Israel Can Be Jewish, Democratic, and Committed to Human Rights, Without Contradiction https://mosaicmagazine.com/picks/israel-zionism/2016/12/israel-can-be-jewish-democratic-and-committed-to-human-rights-without-contradiction/

December 16, 2016 | Ruth Gavison
About the author: Ruth Gavison was the Haim H. Cohn professor emerita of human rights at the Hebrew University of Jerusalem and the founding president of the Metzilah Center.

Looking to Israel’s Declaration of Independence for guidance, Ruth Gavison addresses the polarization within Israeli society that has resulted from fierce debates over identity, the status of the Palestinians, religion, and the like:

We [in Israel] have forgotten that democracy, human rights, and the Jewish state, [all of which are enshrined in the Declaration], go together very well. Jews used to understand this. Not only do they go together well, they are required for each other.
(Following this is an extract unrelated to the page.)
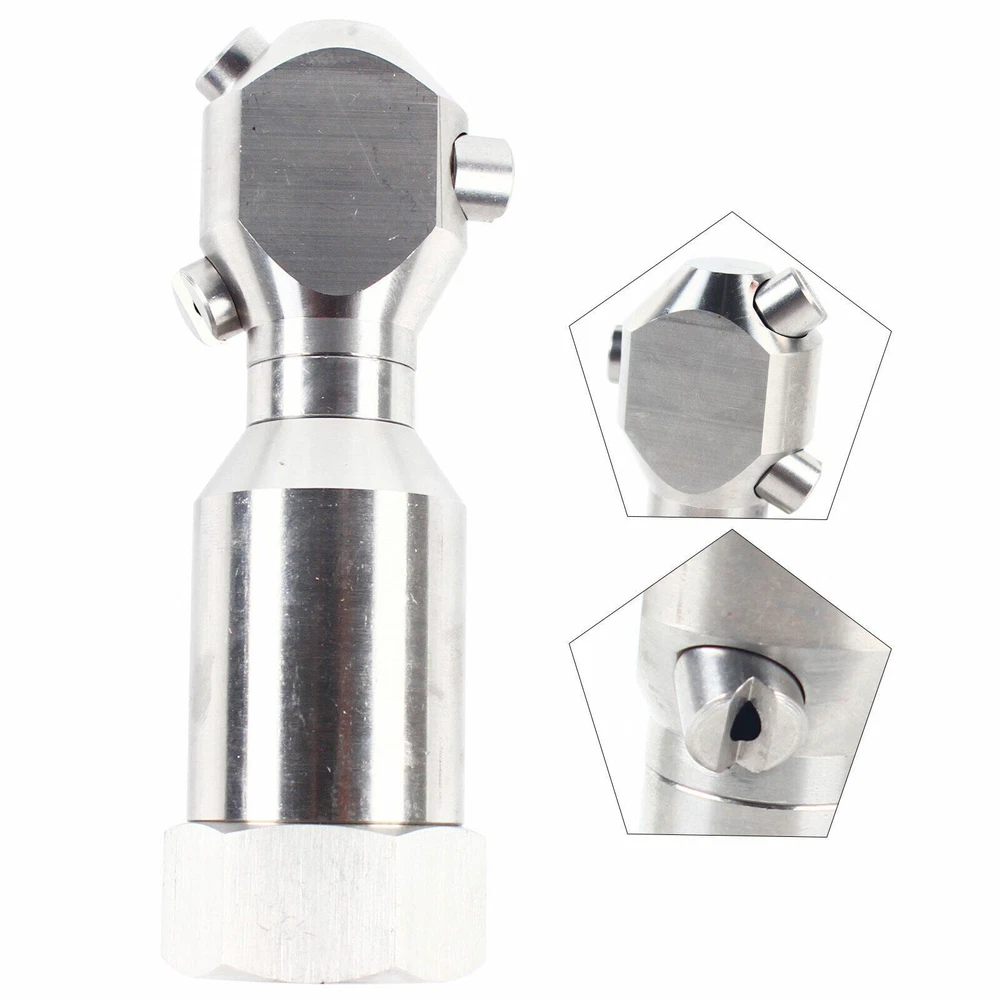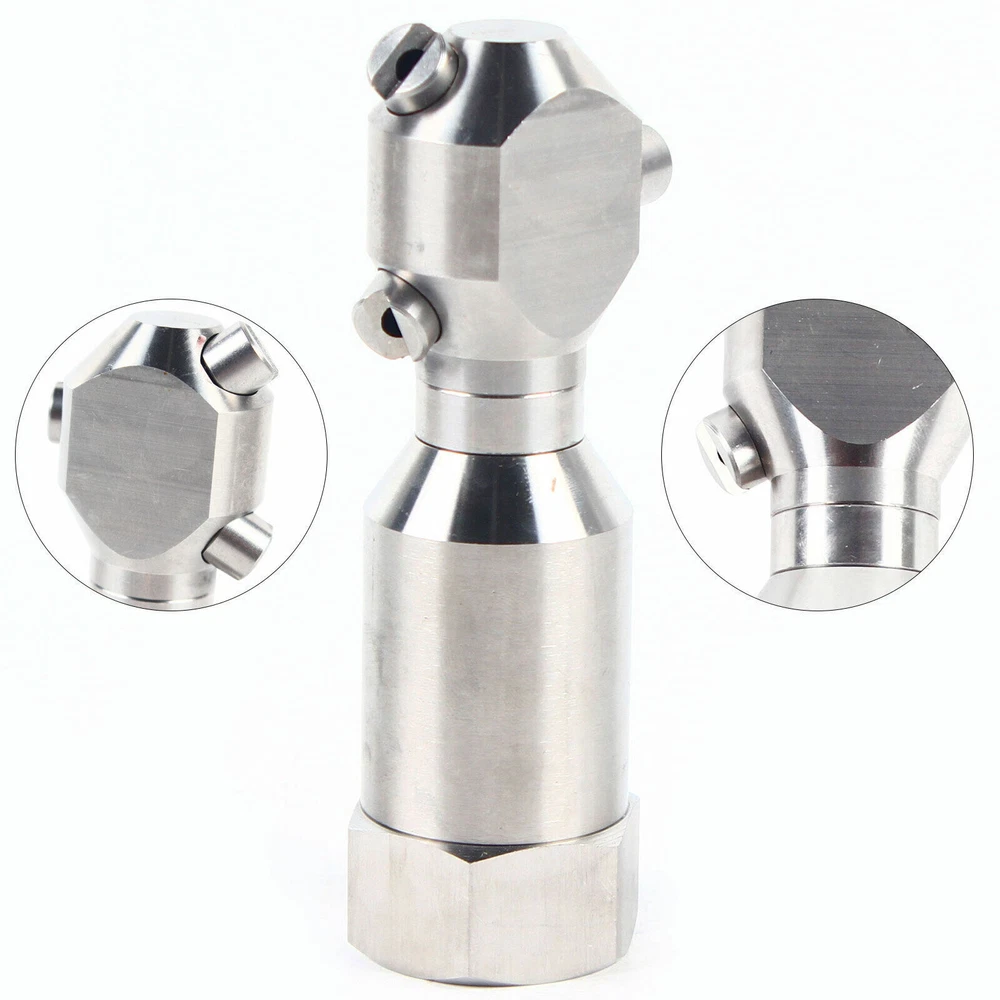 1" Continuous Rotating Tank Washing Spray Nozzle Full Angle Pipe Cleaning Nozzle Description 18250 continuous rotary cleaning nozzle is driven by the reaction force of liquid to rotate without external motor or gear.Three powerful fan-shaped nozzles are installed on the rotary nozzle driven by the flushing fluid flow. These nozzles are precisely positioned so that all internal surfaces are completely within the scope of the cleaning track, effectively cleaning the internal surface of the small tank or barrel. Specification: Material:stainless steel 304 Colour: sliver Size:φ30*123mm Type:1” internal thread Application fields: container / pipeline cleaning, pure water / steel bucket cleaning, food processing tank cleaning, pharmaceutical processing tank cleaning. Features: 1.High impact cleaning of portable containers and buckets with a diameter of 8 feet (2.4 meters) 2. The cleaning solution can pass through once or contain small particles. 3. When there is no need to control the nozzle, the liquid pressure should be less than 5 bar 4. High temperature resistance and the maximum temperature is 177 ℃. Package Included: 1x Washing Nozzle Note: -The washer can be installed in vertical or horizontal position. -Please allow 1-3MM differs due to manual measurement. -Due to the different display and different light, the picture may not reflect the actual color of the item. Thanks for your understanding. Payment Delivery details Terms of sales About us Contact us Payment We accept ebay payment 。 Fees such as import duties, taxes are not included in the item price or shipping costs. These charges are the buyer's responsibility. Delivery details Shipping: 2-9 working days to: USA Terms of sales We maintain high standards of excellence and strive for hundred percent customer satisfaction. Feedback is very important to us. We hope that you contact us immediately before you give neutral or negative feedback, so that we can address your concerns. It is impossible to address issues if we do not know about them! About us Your satis faction is our ultimate goal. We work hard to earn your trust and future business. Our certified technicians have tested each item before shipping. The unit comes with 1 year limited warranty on all manufacturing defects. a) If you receive a defective item, you may return it or ask for a discount. Please contact us within 14 days after you receive the package. b) What you returned must be intact and in its original packaging as re? u. Customer is responsible for shipping costs of the returned item. c) We will cover the cost of shipping back t with the shipping rate indicated in the registration page. We will send you a new unit or refund the full payment you paid. Thank you. Contact us Business Hour Business Hour: Monday To Friday: 8:30 AM to 5:00 PM (Beijing China time) Due to time zones, our reply to your questions may not be immediately. But within above working time, we will reply your email within 24 hours. If it's non-workdays, please kindly be patient and wait till Monday. Please contact us with ebay message. Please feel free to contact us if you have any questions. Monday To Friday: 8:30 AM to 5:00 PM (Beijing China time) Due to time zones, our reply to your questions may not be immediately. But within above working time, we will reply your email within 24 hours. If it's non-workdays, please kindly be patient and wait till Monday. Please contact us with ebay message. Please feel free to contact us if you have any questions.

The people who struggled to establish the Jewish state knew that they were going to have a democracy and they were very responsive to the idea of human rights. . . . But these three interlocking elements . . . are today viewed by many as totally distinct, with either major tensions or even outright contradiction among them.

So, increasingly, we find people who want to take one element of the complex vision . . . and make it primary. They give their primary ideal a very expansive interpretation. They demand that the other two elements be operative only within the constraints of the broadly-defined primary element. And this happens from all sides of the political and cultural spectrum. . . .

The “wisdom” of the Declaration, and of the decisions that the founding fathers and mothers made in the first decades of Israel, was their agreement to disagree. . . . The Declaration itself [thus] left many ideological questions open. . . . Who is a Jew? What role does the Jewish religion play in the new state? What is the relationship within Judaism among nationalism, culture, and religion? What is the status of the Arab minority and what are its rights? . . .

[These questions] were to be dealt with politically, by a series of arrangements that Israel made. Israel created a set of impressive democratic institutions and an independent court, but it refused to transform the elements of its vision into legal questions of principle. Whether Israel was a capitalist or a socialist country, a religious or non-religious country, whether God would feature in the Israeli constitution—all of these were things people did not want to decide on. And that agreement not to decide permitted Israel to move on to the urgent challenges [facing it].